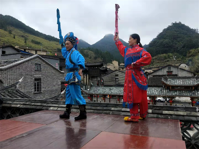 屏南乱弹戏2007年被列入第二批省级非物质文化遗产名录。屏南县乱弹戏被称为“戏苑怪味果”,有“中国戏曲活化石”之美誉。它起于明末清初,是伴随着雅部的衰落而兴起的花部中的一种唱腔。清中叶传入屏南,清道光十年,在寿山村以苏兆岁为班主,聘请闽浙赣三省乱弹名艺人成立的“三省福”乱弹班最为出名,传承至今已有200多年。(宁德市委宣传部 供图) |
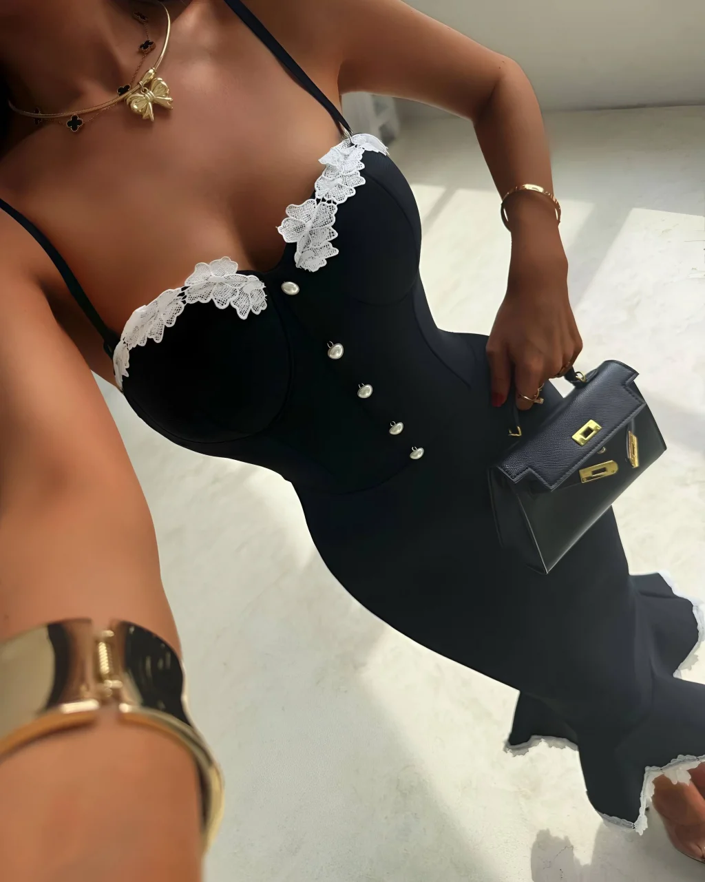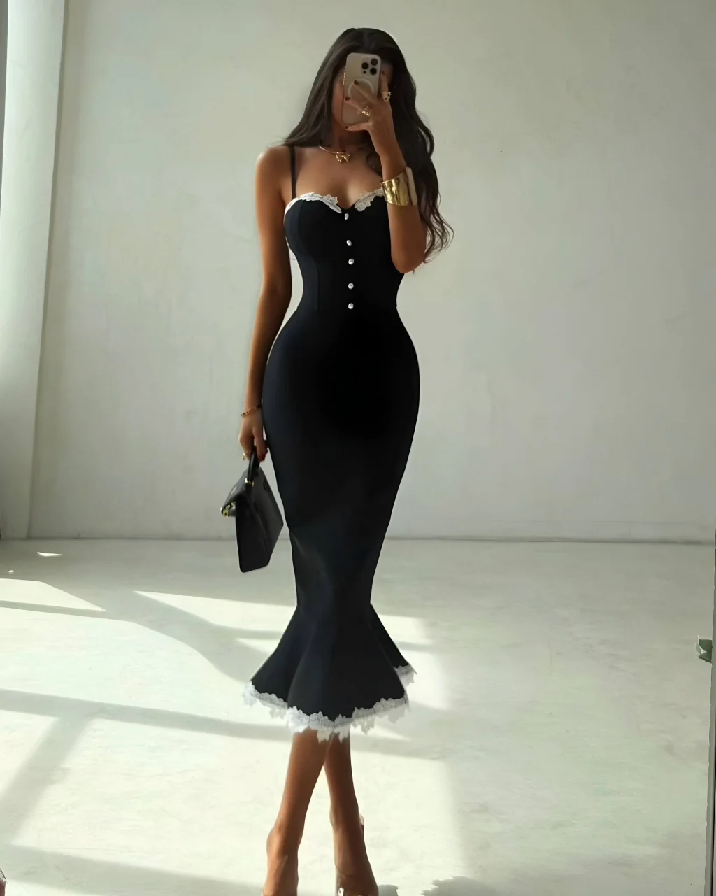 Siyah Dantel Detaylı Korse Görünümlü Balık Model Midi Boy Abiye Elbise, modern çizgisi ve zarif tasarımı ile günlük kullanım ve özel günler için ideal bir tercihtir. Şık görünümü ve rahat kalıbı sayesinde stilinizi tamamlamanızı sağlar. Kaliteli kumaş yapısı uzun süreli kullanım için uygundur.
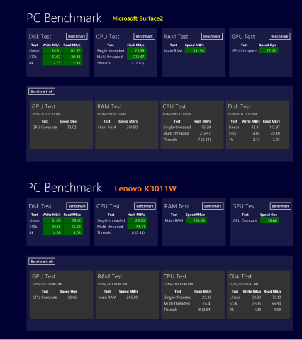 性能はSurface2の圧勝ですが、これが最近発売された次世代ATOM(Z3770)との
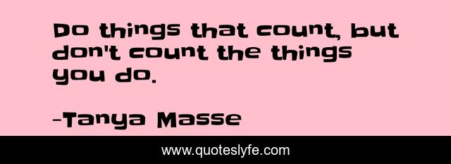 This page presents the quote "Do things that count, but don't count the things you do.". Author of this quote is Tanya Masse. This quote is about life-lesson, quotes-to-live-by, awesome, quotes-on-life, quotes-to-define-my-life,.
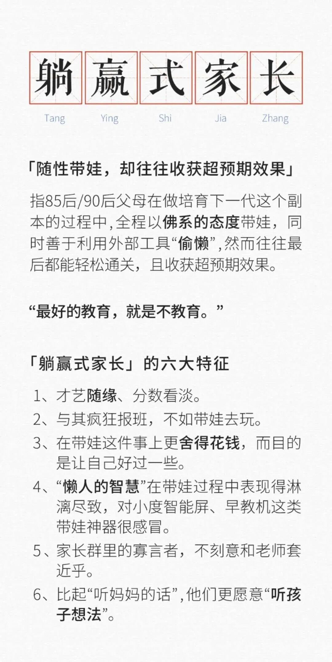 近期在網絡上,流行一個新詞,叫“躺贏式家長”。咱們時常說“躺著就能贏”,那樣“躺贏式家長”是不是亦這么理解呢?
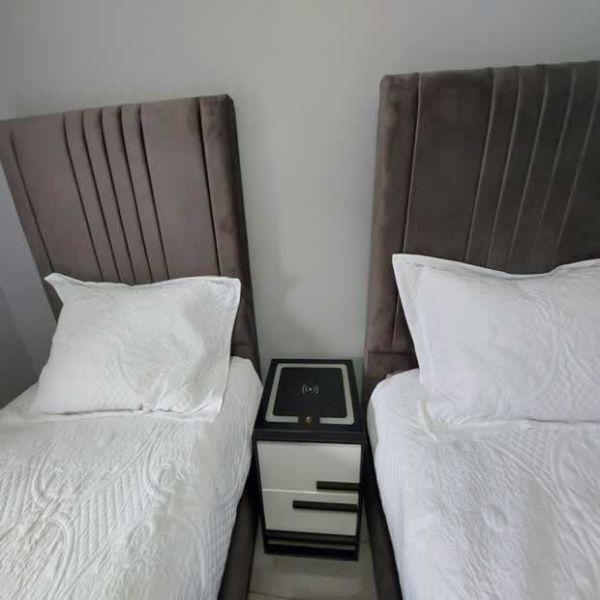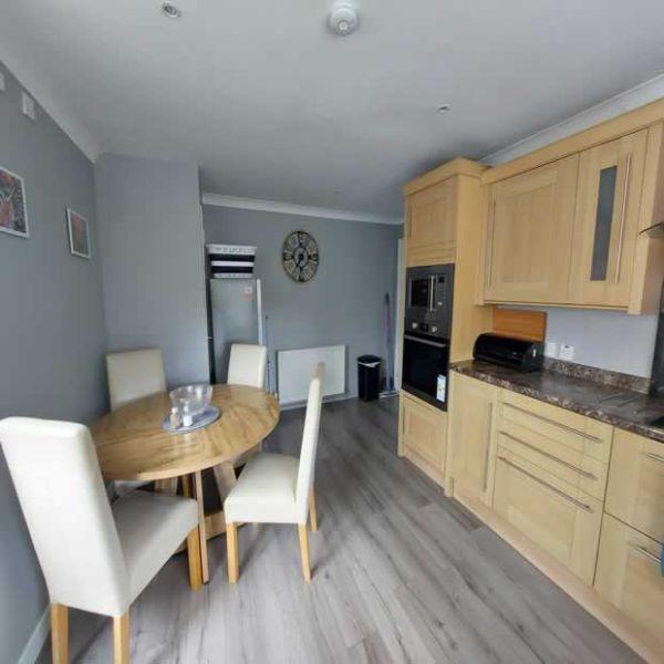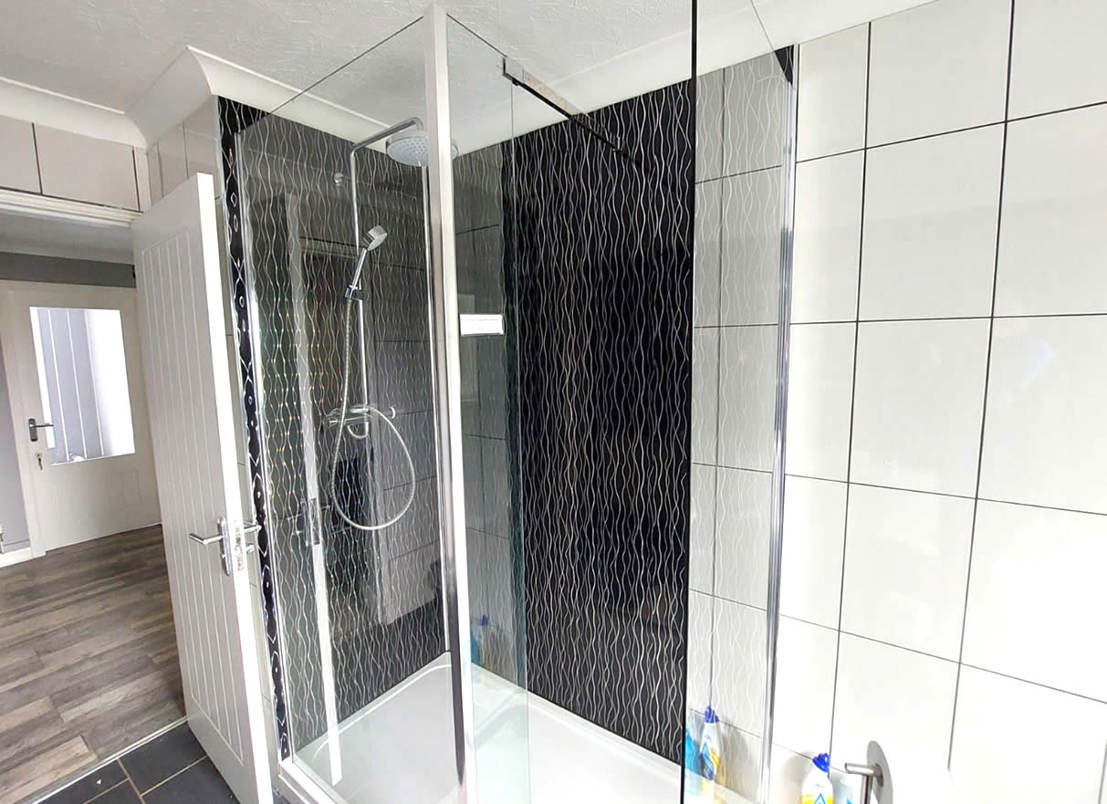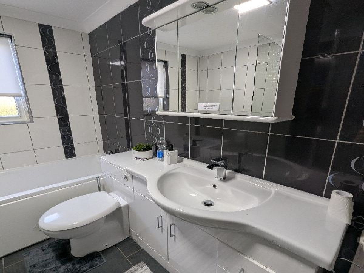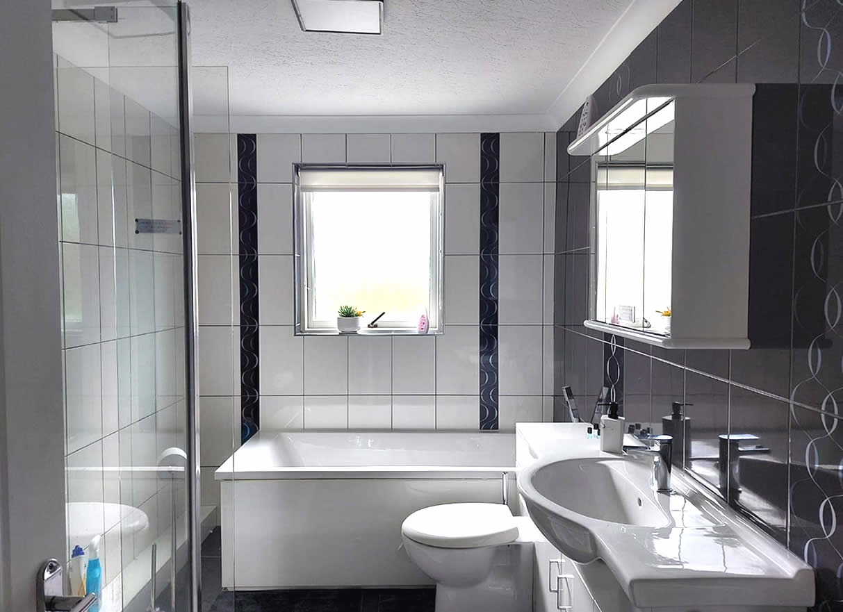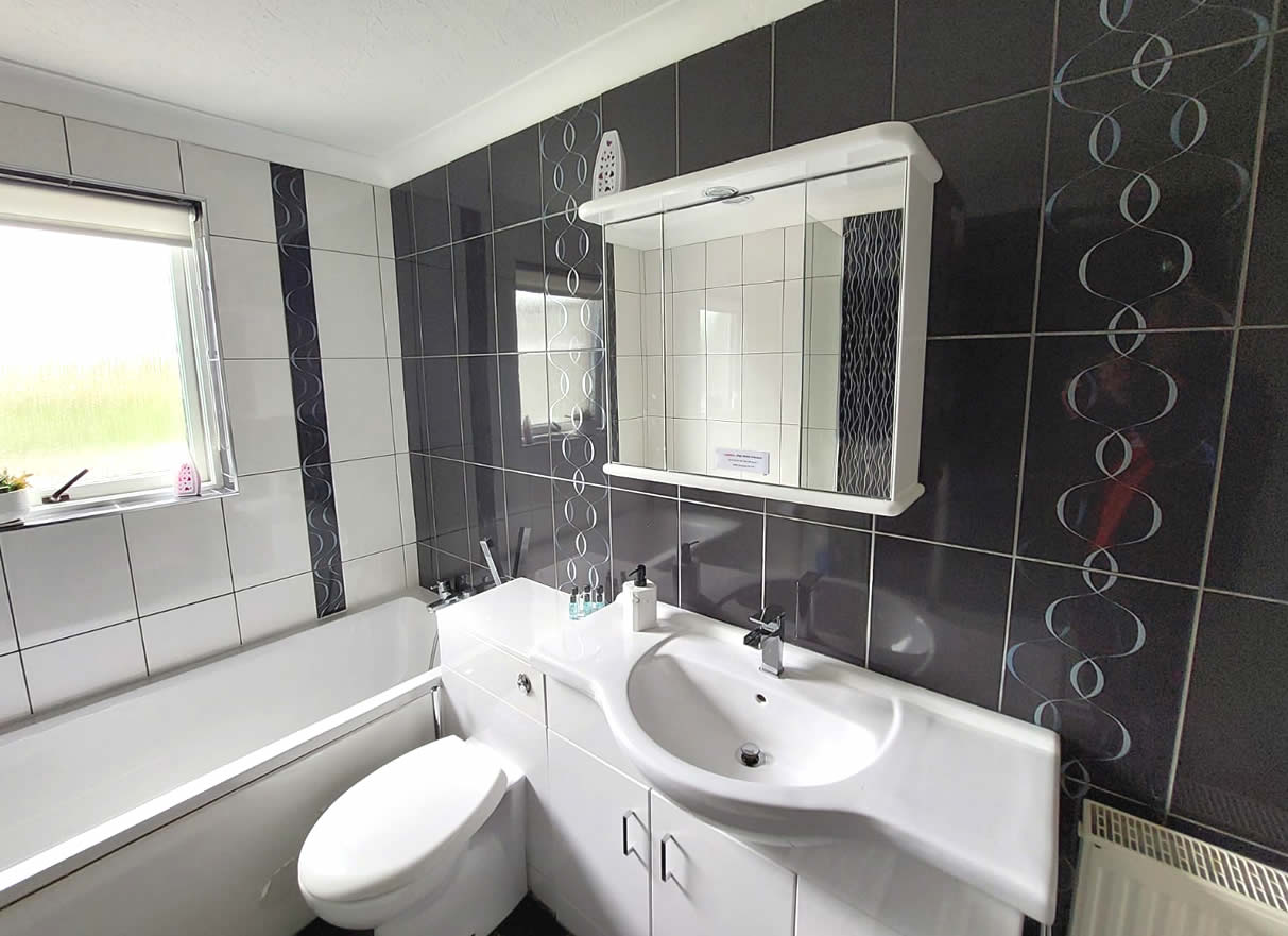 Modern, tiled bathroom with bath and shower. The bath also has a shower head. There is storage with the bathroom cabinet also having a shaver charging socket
☆ ☆ ☆
__Task item__
Which part of the entries opens with the line containing "Siyah Dantel Detaylı" and closes with the line containing "性能はSurface2の圧勝"? Output that part exactly, ends included, pictures excluded.

__Answer below__
 Siyah Dantel Detaylı Korse Görünümlü Balık Model Midi Boy Abiye Elbise, modern çizgisi ve zarif tasarımı ile günlük kullanım ve özel günler için ideal bir tercihtir. Şık görünümü ve rahat kalıbı sayesinde stilinizi tamamlamanızı sağlar. Kaliteli kumaş yapısı uzun süreli kullanım için uygundur.
 性能はSurface2の圧勝ですが、これが最近発売された次世代ATOM(Z3770)との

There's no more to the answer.